Man's greatest actions are performed in minor struggles. Life, misfortune, isolation, abandonment and poverty are battlefields which have their heroes - obscure heroes who are at times greater than illustrious heroes.- Victor Hugo

A number of times each year, it seems the people we serve up as heroes to our young, fail us. Ballplayers take steroids; a singer molests a kid, or drinks and drugs; a politician has their hands in the wrong pocket or some other more tawdry place. I am sure the problem is not that these people are all that bad, as I am sure that they were never all that good. I mean what qualities qualify them to be roll models anyway. Being able to run faster, or jump higher, or make friends easier, does not qualify for hero status in my book. No, in fact many who do have these gifts are rare to share them. It may be because of the heavy scrutiny they are under, or the pressure of their career forces them to keep others away.

No, the heroes in my book, are those that suffer with us when we fail, or when we hurt. They are the people who are there for us when no one else is home (or when others are hiding behind their curtains too afraid to come out and be counted on our side.) They toil on our behalf for little or no renumeration and no thanks. They aid the poor and often take money from their own meager wages to help out those even less fortunate.

Many are very talented, but because they are dedicated, (and I mean really dedicated to a proposition far more important than money) they stay and work for ridiculously low wages in ridiculously harsh circumstances. They get the scorn not only of those whom they prevail against, but also of those they serve. They are the most underappreciated lot of professionals I have ever met. They are Legal Aid Society Counsel, Public Defenders and Assigned counsel lawyers.

These folks take on the wrath of the court house and the courts. They take the toughest cases, ones that no one else will handle, and they rarely say no to any assignment. They occasionally do snap (usually when a client they have worked hard for announces that he wants a "real lawyer" thinking that someone he doesn't pay either is not that smart, or not willing to work that hard.) In actuality many people are far better off with legal aid lawyers because they can rarely afford a lawyer who has that much experience trying criminal cases.

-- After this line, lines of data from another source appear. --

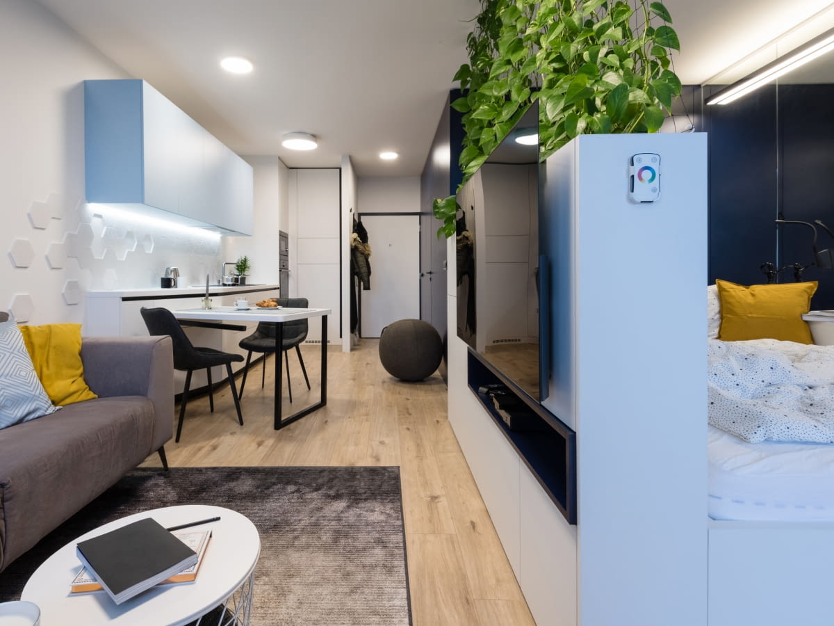 Dzięki właściwemu wykorzystaniu światła, wysokości wnętrza oraz mebli wielofunkcyjnych można osiągnąć komfortowy, dobrze zorganizowany i estetyczny efekt. Przemyślane rozwiązania sprawiają, że nieduża przestrzeń "działa" jak mieszkanie o większym metrażu - bez zbędnych kompromisów, z poszanowaniem ergonomii i harmonii wnętrza.
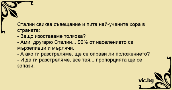 - Ами, другарю Сталин... 90% от населението са мързеливци и мърлячи.
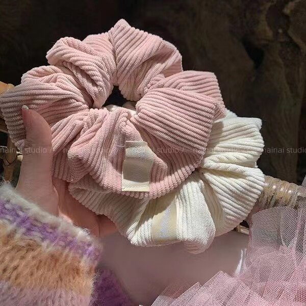 爆款奶油色灯芯绒发绳ins少女发圈大肠圈头绳扎发皮筋发饰品
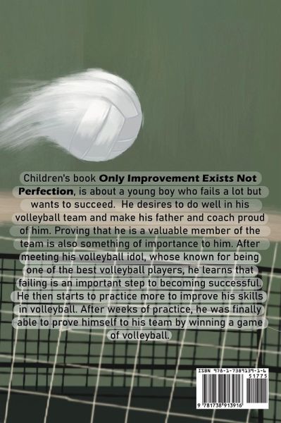 Children's book Only Improvement Exists Not Perfection, is about a young boy who fails a lot but wants to succeed. He desires to do well in his volleyball team and make his father and coach proud of him. Proving that he is a valuable member of the team is also something of importance to him. After meeting his volleyball idol, whose known for being one of the best volleyball players, he learns that failing is an important step to becoming successful. He then starts to practice more to improve his skills in volleyball. After weeks of practice, he was finally able to prove himself to his team by winning a game of volleyball.…mehr

May is Law month. It is the time when we celebrate our being a nation of laws not one of cult or of tyranny. I would like to dedicate this month this year to lawyers for the poor and accused. I would like it to be dedicated to the men and women of the Legal Aid Society, the Public Defender's office and those that work as Assigned Counsel in the courts. I would also like to dedicate it to the memory of a friend and collegue Tom Concannon who was the head of the Federal Defenders Bureau of the NY Legal Aid Society in the Eastern District of New York. Tom was the quintessential public defender and he will surely be missed.